The WHO that cried wolf pig
Even today, after the swine flu pandemic was declared over, not many realize the extent to which the panic was unnecessary when looking at the numbers. Every year, the WHO estimates that seasonal influenza typically infects anywhere from three to five million people severely with a death count of some 250,000 to 500,000 deaths worldwide. To this date, H1N1 has killed approximately 18,000 people…around the world.

According to Health Canada, some 4,000 to 8,000 Canadians die each year from the seasonal flu from pneumonia or other related complications, as of January 28, 2010, the Public Health Agency of Canada reported 426 deaths from H1N1 – substantially less than the seasonal flu. In the United States, they see an average of 36,000 deaths from the seasonal flu annually, which are double the deaths that were seen for swine flu on a global scale.
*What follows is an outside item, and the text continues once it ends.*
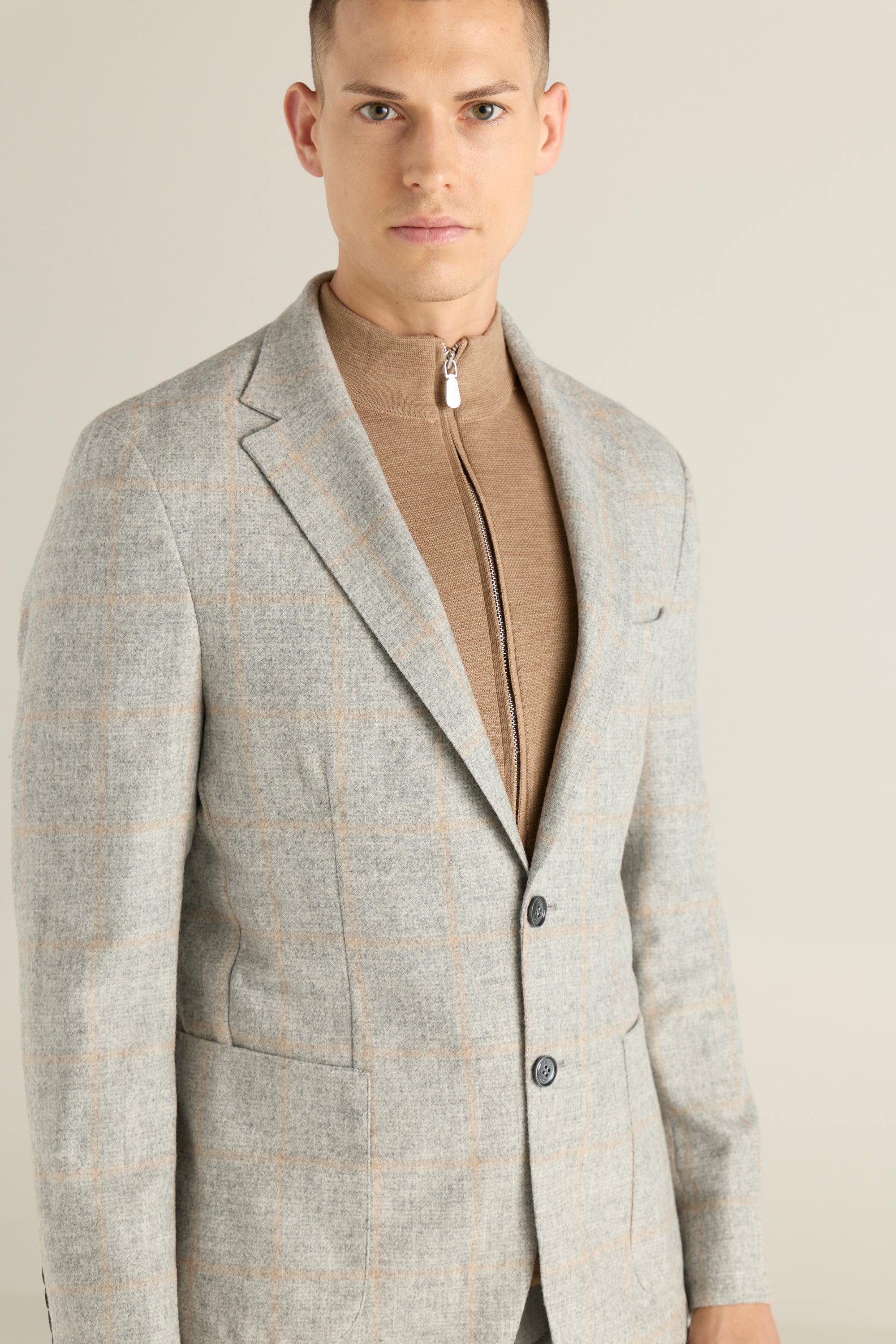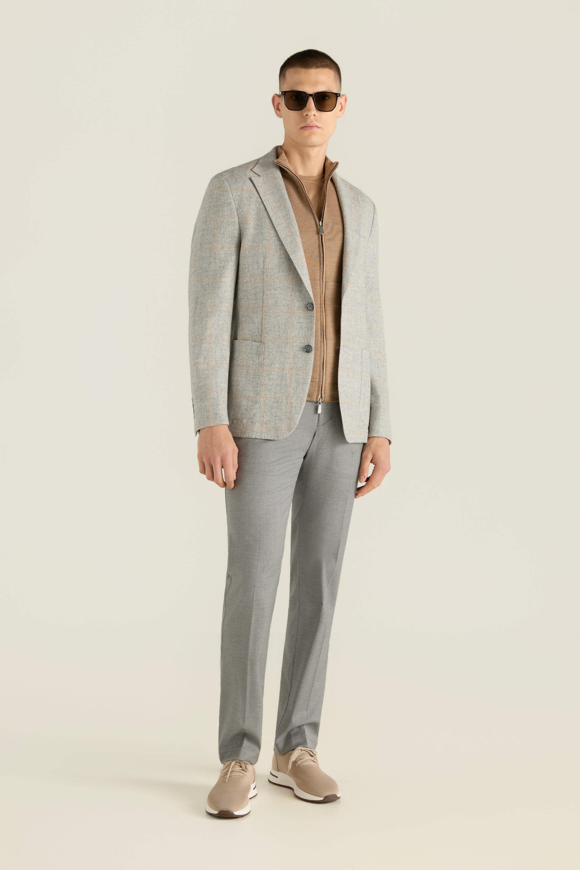 Notched Lapels, Two Button Front And Patch Pockets Deliver Modern Tailoring.

[pullquote]It may be that in the future, when there is truly a pandemic, the public will be much more skeptical and ignore warnings from the governments or health agencies like the WHO.[/pullquote]

So why the WHO-induced panic? Speaking with Michael Fumento, journalist, author, attorney, researcher and analyst who has been writing about pandemics since AIDS in 1987, provides some further insight to the WHO that cried wolf, er, pig that is. Fumento has been on record from the very beginning, arguing that the WHO “had absolutely no reason to declare it a pandemic because it was clearly vastly milder than typical seasonal flu,” which is supported by the data.
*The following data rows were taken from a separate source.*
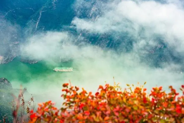 ![]() ![]() 游船驶过壮丽瞿塘峡,两岸层林尽染。(王传贵摄)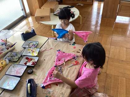4歳児にじ組の子どもたちは、蝶やカブトムシ、クワガタなどの虫になりきって遊ぶことを楽しんでいます。今日は子どもたちがそれぞれ好きな色でつくった虫の羽に、キラキラ光るオーロラ紙やモール、リボンなどを使って飾りつけをしました。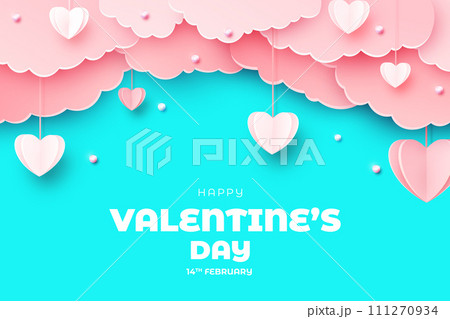 Happy Valentine's day banner design with paper cut cloud style border frame decoration.Vector illustration.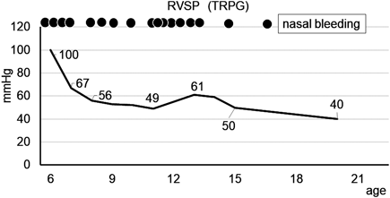 Despite of insufficient therapies for PAH in the outpatient clinic, he showed few symptoms and his RVSP measured from the tricuspid regurgitation flow velocity on echocardiogram showed a decrease(Fig. 1). Later in junior high school, he had no difficulty in physical activity and participated in all the school activities including exercise. At the age of 13, RVSP on echocardiogram was high at 61 mmHg and we started him on beraprost, but again, he could not take it regularly due to the minor adverse effects. At the age of 14, we discontinued bunazosin and beraprost since he was irregular with taking the medications. At the age of 20 years, his RVSP on echocardiogram decreased to 40 mmHg; subsequently we could not evaluate his RVSP because his tricuspid regurgitation flow became too small to measure. He discontinued follow-up because he felt no symptom and no difficulty in his daily university life.

The reason he provides for the WHO’s declaration of the swine flu as a pandemic is more of a self-fulfilling prophecy. The WHO has been asserting since 2005 that avian flu (H5N1) was a serious threat that could possibly evolve to become a pandemic. These assertions have come despite numerous studies that state avian flu is very far from taking that type of evolutionary step.

Fumento contends that when swine flu began to garner attention, the WHO simply said, “See! We were right! There was a pandemic on the horizon!” and the media lapped it up, and consequently, so too did the general public. Much like the children’s fable, the WHO had cried pandemic, and we as the villagers simply said “where?!”
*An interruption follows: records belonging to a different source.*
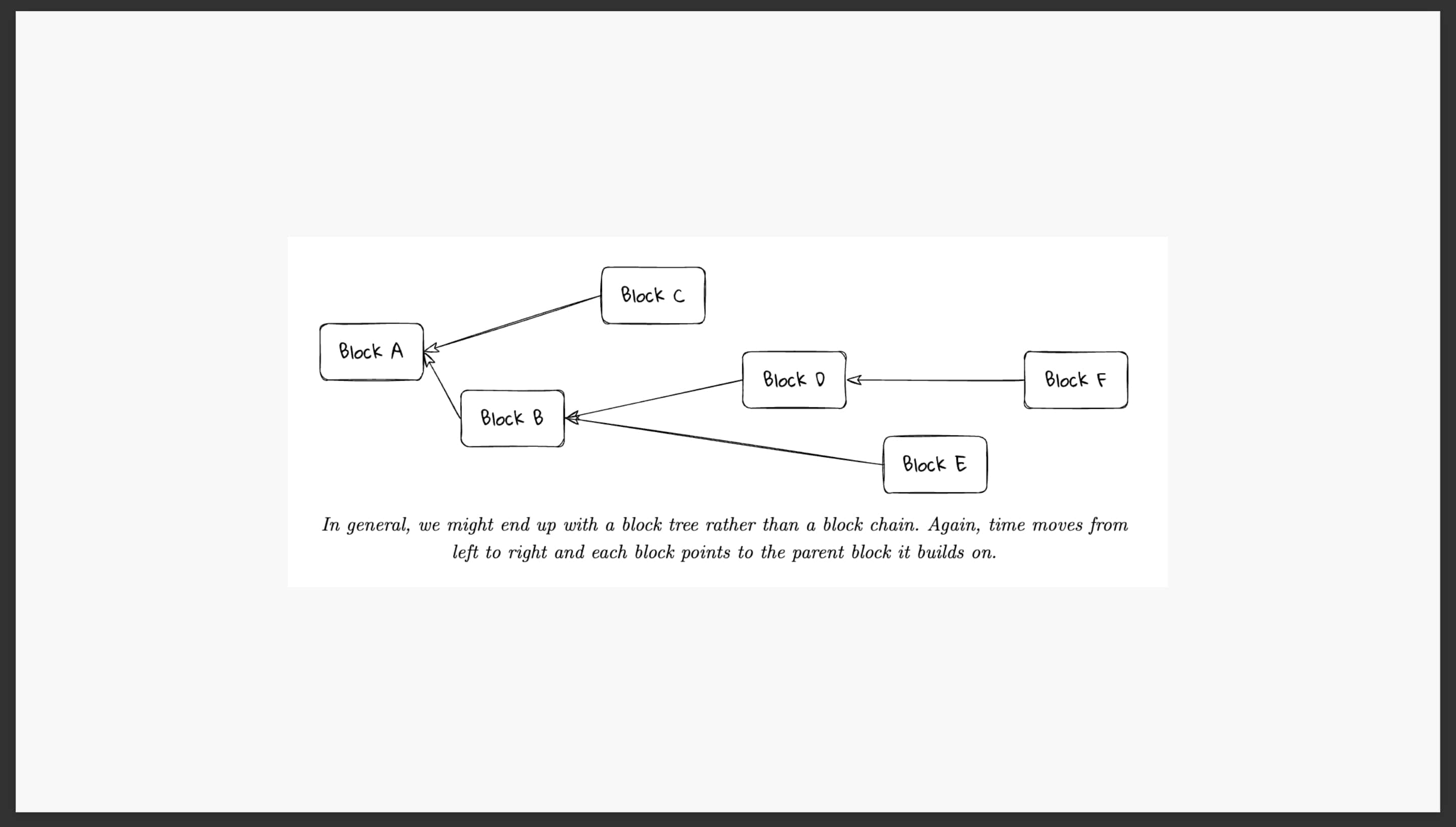 Nowadays, how Ethereum works is that we have the users of Ethereum submitting transactions, with no single entity possessing the globally complete bird’s eye view. It’s a distributed system. So the transaction log naturally looks like a tree, because the different copies of the chain would be looking at different views, and they append new blocks to their frontier (head). As these copies merge, you get a tree. But we want a blockchain, not block-tree. We want a canonical sequence of events that is agreed upon globally. How do you get that?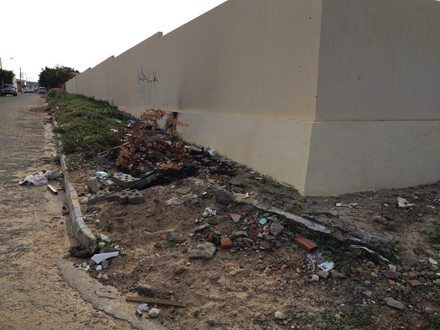 Prezadas. Os entulhos são da obra do muro da Escola Pacífico da Luz. Não foram recolhidos e a gestão da escola não observou. Cabe a prefeitura notificar.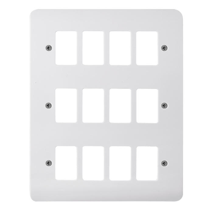 This item is Mode White Moulded 12 Gang GridPro Frontplate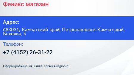 Феникс, магазин по адресу 683031, Камчатский край, Петропавловск-Камчатский, Бохняка, 5 в дальнейшем Организация, размещена в следующих категориях: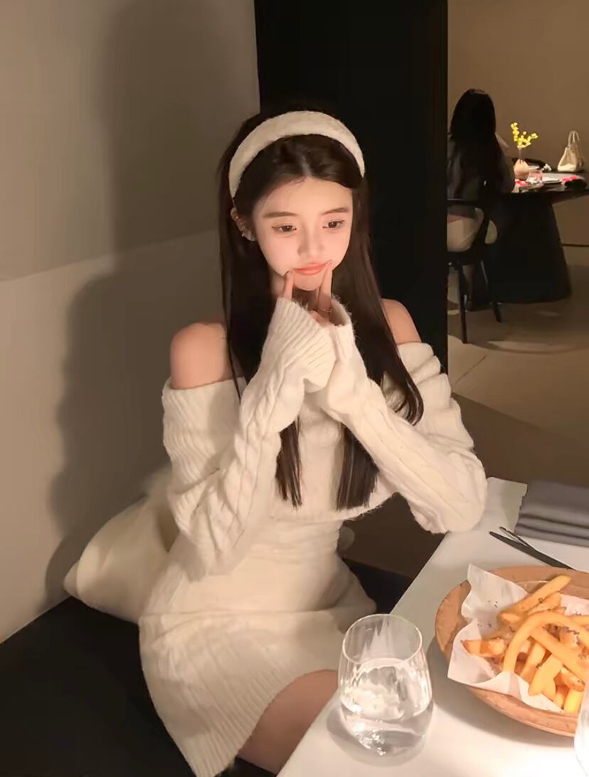 オフショルダーケーブル編みニットフレアワンピース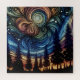 Arte mística ai com um céu azul e laranja girando com silhuetas de pinheiros.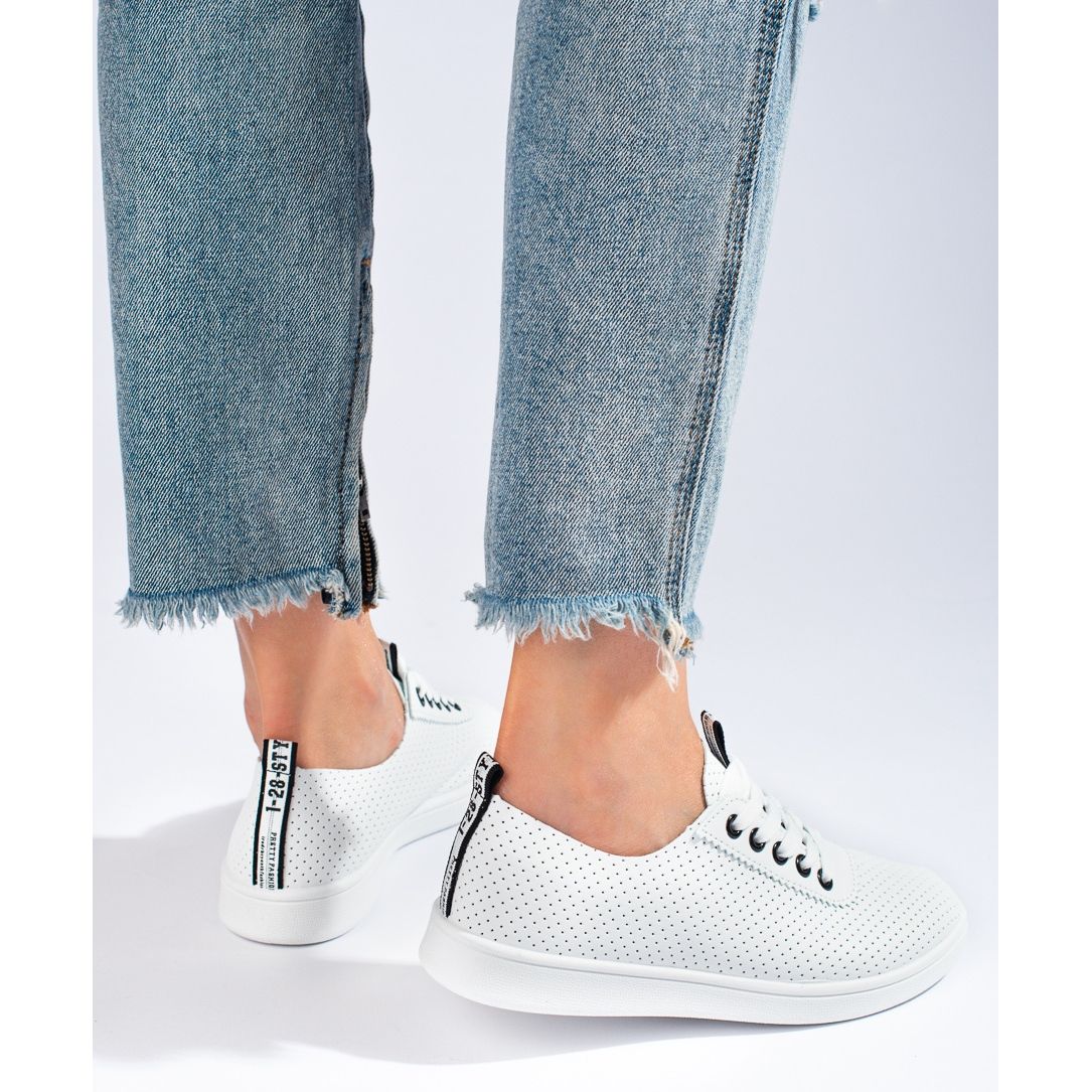 Detalii: Tenisi dama Shelovet albi ajurati negru

What worsens the whole situation is that the governments and other health agencies were content to arm themselves against this threat of a supposed pandemic when really they should have known better. When the WHO elevated swine flu to pandemic status, governments began to order swine flu vaccine as well as Tamiflu and Relenza—anti-influenza medications that were provided to patients after they contracted H1N1—without questioning whether or not stockpiles were necessary.

Understandably, the WHO is an international organization that should be both accountable and transparent in their actions, but the key words there are ‘should be’. No matter if the WHO was acting out of their own political motivations as Fumento argues, or were simply being excessively cautious with a flu they were unfamiliar with, he asserts that if he knew that swine flu wasn’t a pandemic, so too should have the health officials and governments.

The data was available to everyone; it was a matter of looking past the hysteria of these deaths that the media and the WHO purported were popping up everywhere, anywhere, and constantly, and actually examining the hard facts. And the fact remains that had we done what Fumento did and went straight to the sources, “looked at the NUMBERS and not the pronouncements,” we would have known the truth: there was no pandemic on the scale the WHO and other health officials claimed where hundreds of thousands were at risk of dying.